**** Input data ****

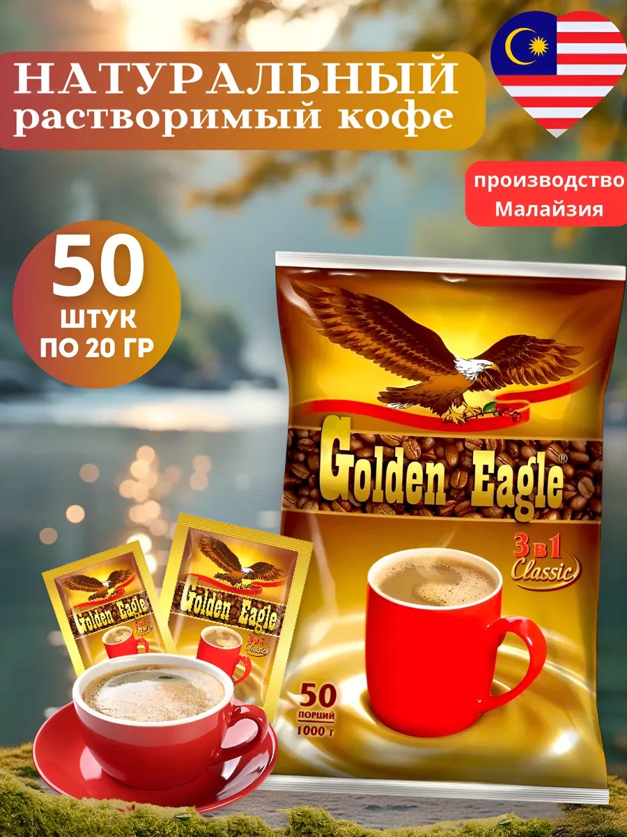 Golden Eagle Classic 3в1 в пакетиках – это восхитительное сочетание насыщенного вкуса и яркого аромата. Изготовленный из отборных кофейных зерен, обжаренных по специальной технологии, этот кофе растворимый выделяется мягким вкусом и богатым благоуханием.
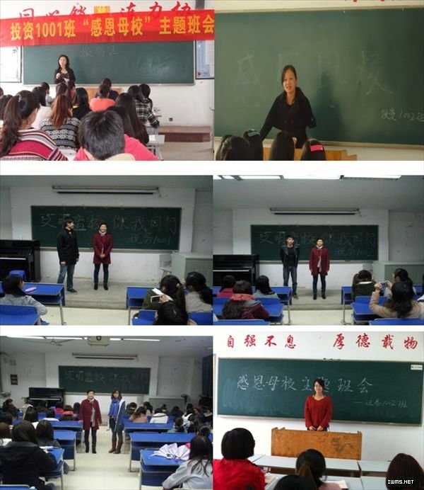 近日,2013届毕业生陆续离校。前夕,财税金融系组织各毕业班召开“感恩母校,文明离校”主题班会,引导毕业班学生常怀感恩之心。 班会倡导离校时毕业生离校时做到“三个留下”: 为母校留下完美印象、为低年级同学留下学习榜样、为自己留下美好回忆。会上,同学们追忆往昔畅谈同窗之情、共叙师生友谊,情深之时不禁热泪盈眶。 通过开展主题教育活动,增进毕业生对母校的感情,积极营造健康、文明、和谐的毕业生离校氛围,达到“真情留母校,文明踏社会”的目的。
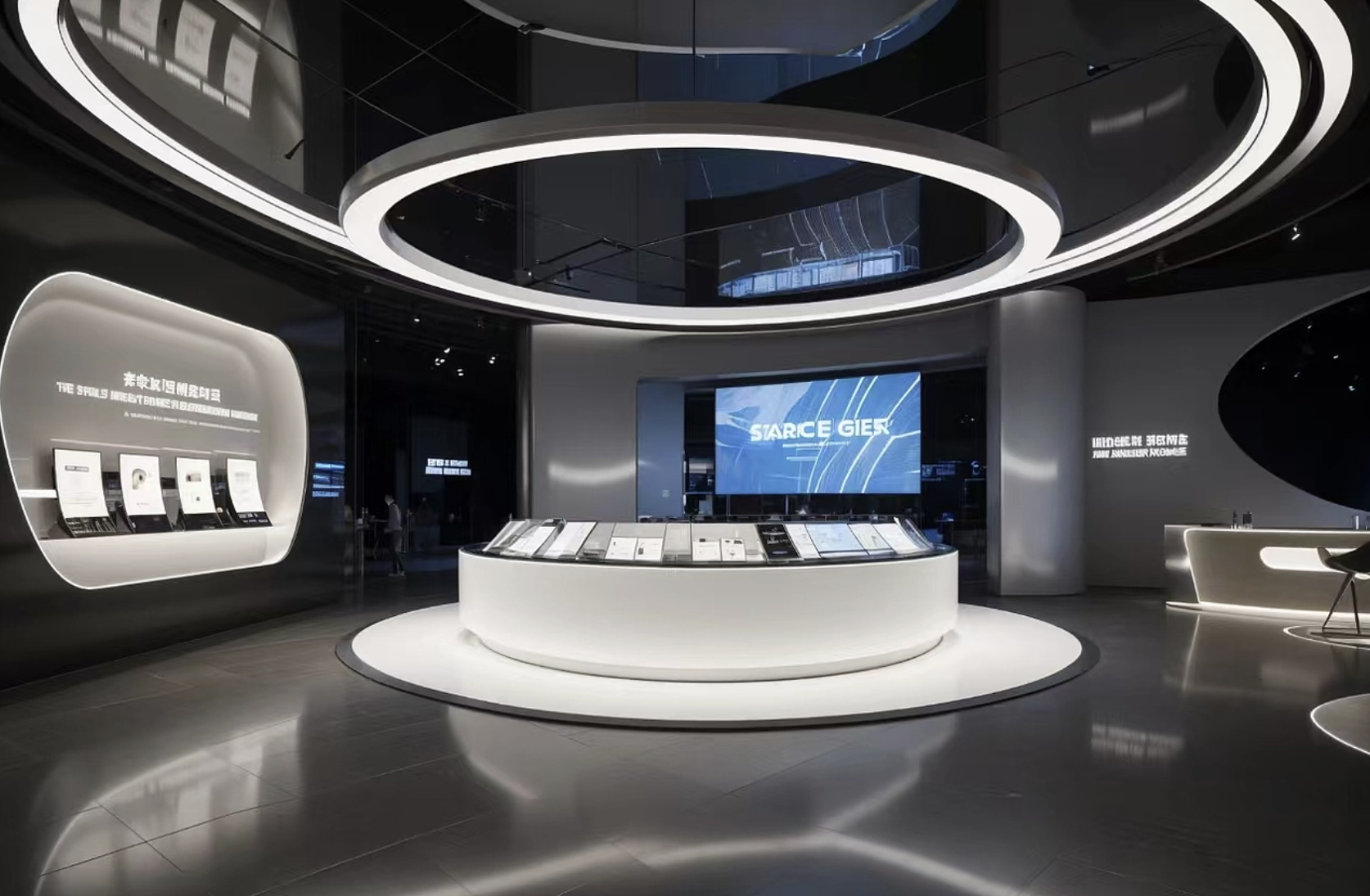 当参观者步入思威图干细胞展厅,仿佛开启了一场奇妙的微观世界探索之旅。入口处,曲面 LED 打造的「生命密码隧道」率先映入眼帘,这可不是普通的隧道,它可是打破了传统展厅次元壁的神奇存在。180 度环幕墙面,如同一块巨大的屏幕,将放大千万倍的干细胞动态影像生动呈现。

****

Task item = Go through the listing above and quote it exactly, apart from its images.

Completed task =
 Golden Eagle Classic 3в1 в пакетиках – это восхитительное сочетание насыщенного вкуса и яркого аромата. Изготовленный из отборных кофейных зерен, обжаренных по специальной технологии, этот кофе растворимый выделяется мягким вкусом и богатым благоуханием.
 近日,2013届毕业生陆续离校。前夕,财税金融系组织各毕业班召开“感恩母校,文明离校”主题班会,引导毕业班学生常怀感恩之心。 班会倡导离校时毕业生离校时做到“三个留下”: 为母校留下完美印象、为低年级同学留下学习榜样、为自己留下美好回忆。会上,同学们追忆往昔畅谈同窗之情、共叙师生友谊,情深之时不禁热泪盈眶。 通过开展主题教育活动,增进毕业生对母校的感情,积极营造健康、文明、和谐的毕业生离校氛围,达到“真情留母校,文明踏社会”的目的。
 当参观者步入思威图干细胞展厅,仿佛开启了一场奇妙的微观世界探索之旅。入口处,曲面 LED 打造的「生命密码隧道」率先映入眼帘,这可不是普通的隧道,它可是打破了传统展厅次元壁的神奇存在。180 度环幕墙面,如同一块巨大的屏幕,将放大千万倍的干细胞动态影像生动呈现。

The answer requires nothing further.